I know my math is very rusty, actually, its always been that way. but I need help with this. The question below has me stumped. I've tried to show the steps I went through to get the answer. Please tel me where I made the mistake.
If x=a and x=b are two roots of a quadratic equation then (x-a)(x-b) = 0 gives the quadratic equation.
That is $(x - a)(x - b) = x^2 - (a + b)x + ab = 0$.

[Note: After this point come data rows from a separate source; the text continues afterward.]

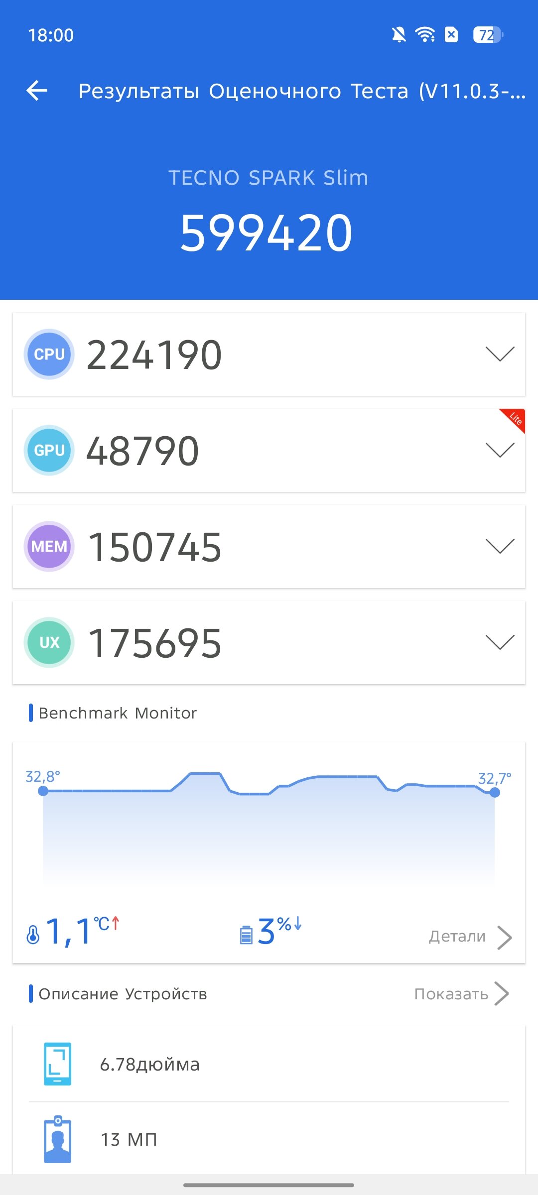 Ещё у SPARK Slim есть важная фишка для геймеров — речь о технологии «обходной» зарядки. Суть в том, что смартфон в сценарии с повышенными нагрузками может работать непосредственно от сети, то есть энергия в данном случае идёт сразу на чип, минуя батарею. И это позволяет лишний раз не изнашивать аккумулятор. При этом производитель заявляет, что аккумуляторная батарея смартфона SPARK Slim способна выдержать более 2000 циклов зарядки, сохранив при этом свыше 80% от первоначальной ёмкости. Соответственно, гаджет проживёт как минимум 5 лет без заметных просадок автономности.
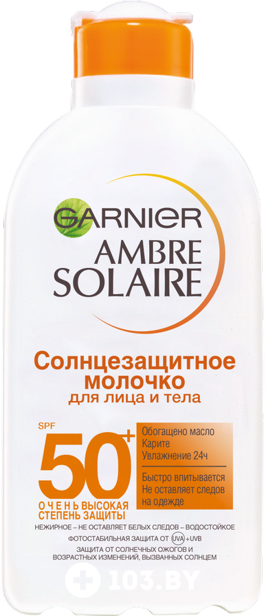 Солнцезащитное молочко для лица и тела SPF 50+ с карите. Очень высокая степень защиты для светлой, чувствительной к солнечным лучам кожи, защита от UVA- и UVB-лучей. Инновационная формула классического молочка средств Garnier Ambre Solaire содержит масло Карите, быстро впитывается, увлажняет 24 часа.
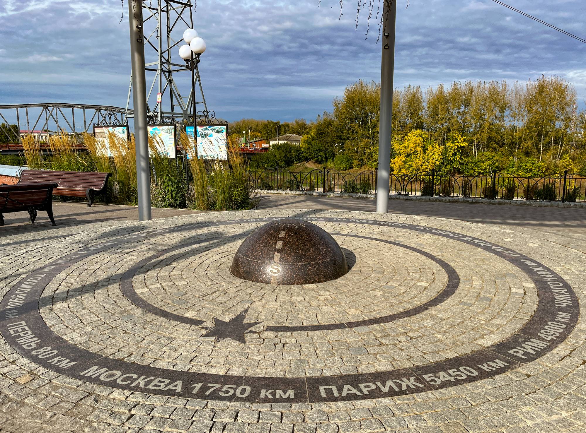 Этот памятник появился в 2007 году на набережной Сылвы, рядом с монументом первопроходцам Кунгурской земли. В 2011 году кунгурский «Пуп Земли» был отмечен как лучший объект монументального искусства на фестивале «Открой Приволжье». На невысокой наклонной платформе – гранитная полусфера с розой ветров, а вокруг – линия, на которой обозначено расстояние от Кунгура до Перми и мировых столиц: Москвы, Парижа, Нью-Йорка, Сиднея, Пекина и др.

Here, the two roots are $x= -2 + j\sqrt5$ and $x = -2 - j\sqrt5$ so that $(x – [-2 + j\sqrt5])(x – [-2 - j\sqrt5]) = 0$
That is $x^2 - x[-2 + j\sqrt5 - 2 - j\sqrt5] + [-2 + j\sqrt5][-2 - j\sqrt5] = 0$
I understand that
$x^2 - x[-2 + j\sqrt5 - 2 - j\sqrt5] + [-2 + j\sqrt5][-2 - j\sqrt5] = 0$
$x^2 - x[-2 - 2] + [-2 + j\sqrt5][-2 - j\sqrt5] = 0$, and
$x^2 - x[-4] + [-2 + j\sqrt5][-2 - j\sqrt5] = 0$, so
$x^2 + 4x + [-2 + j\sqrt5][-2 - j\sqrt5] = 0$
if we separate out the last term for simplicity: $[-2 + j\sqrt5][-2 - j\sqrt5] = (-2)(-2) + (-2)(-j\sqrt5) + (-2)(+j\sqrt5) + (+j\sqrt5)(-j\sqrt5)$ $= 4 + (2j\sqrt5) - (2j\sqrt5) +(-j\sqrt5)^2$
$ = 4 + (2j\sqrt5) - (2j\sqrt5) +(-j^2)(-\sqrt5)^2$
$ = 4 +j^2 5$
Putting this last term back into the main equation results in:
$x^2 + 4x + (4+j^2 5) = 0$
In the book (Advanced Engineering Mathematics)* this equation works out to
$x^2 + 4x + 9 = 0$
What I don’t understand is what happened to $j^2$ How does it just magically disapear?
*If you use the Amazon "Look inside" feature you can see it on page 4.